Leave the pictures out, and transcribe the material below exactly from the line with "92.5 Silver Jewelry" to the line with "AWS CNI Metrics을", both lines included.

*Data for processing*:
[Start of section]

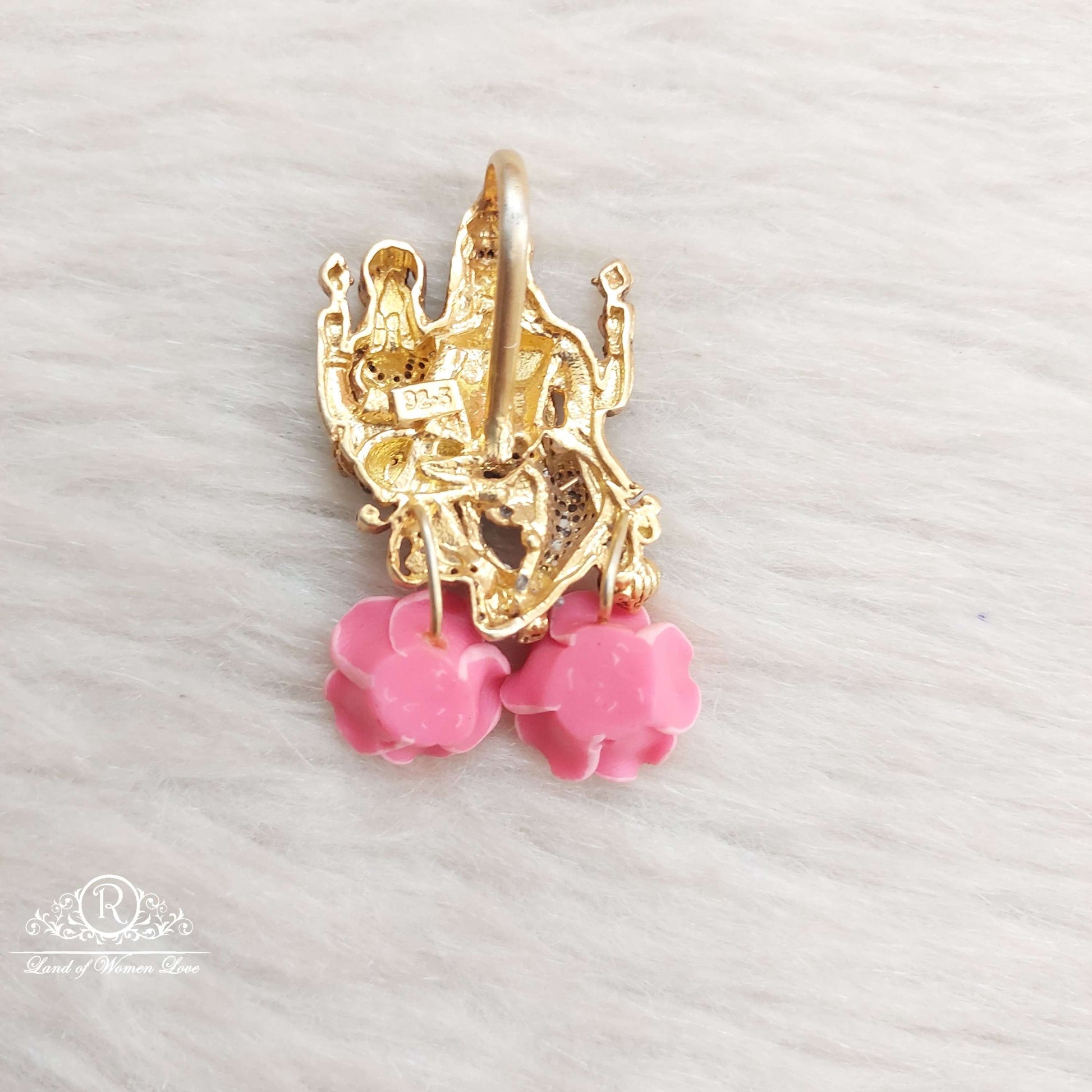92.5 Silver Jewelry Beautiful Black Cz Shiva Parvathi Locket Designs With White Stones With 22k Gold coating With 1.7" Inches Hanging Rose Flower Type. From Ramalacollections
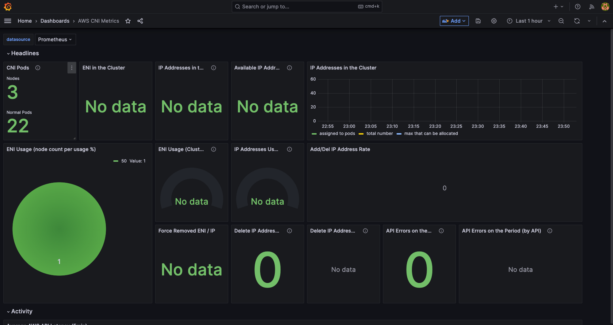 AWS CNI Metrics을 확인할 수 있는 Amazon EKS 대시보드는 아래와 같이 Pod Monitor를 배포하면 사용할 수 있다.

[End of section]
[Start of section]

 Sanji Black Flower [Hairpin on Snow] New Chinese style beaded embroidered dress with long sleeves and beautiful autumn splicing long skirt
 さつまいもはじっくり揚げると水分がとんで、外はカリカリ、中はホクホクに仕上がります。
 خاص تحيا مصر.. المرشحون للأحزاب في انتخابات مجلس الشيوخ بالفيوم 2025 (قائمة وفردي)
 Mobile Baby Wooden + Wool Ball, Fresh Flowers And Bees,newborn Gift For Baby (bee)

[End of section]

*Solution to the problem*:
92.5 Silver Jewelry Beautiful Black Cz Shiva Parvathi Locket Designs With White Stones With 22k Gold coating With 1.7" Inches Hanging Rose Flower Type. From Ramalacollections
 AWS CNI Metrics을 확인할 수 있는 Amazon EKS 대시보드는 아래와 같이 Pod Monitor를 배포하면 사용할 수 있다.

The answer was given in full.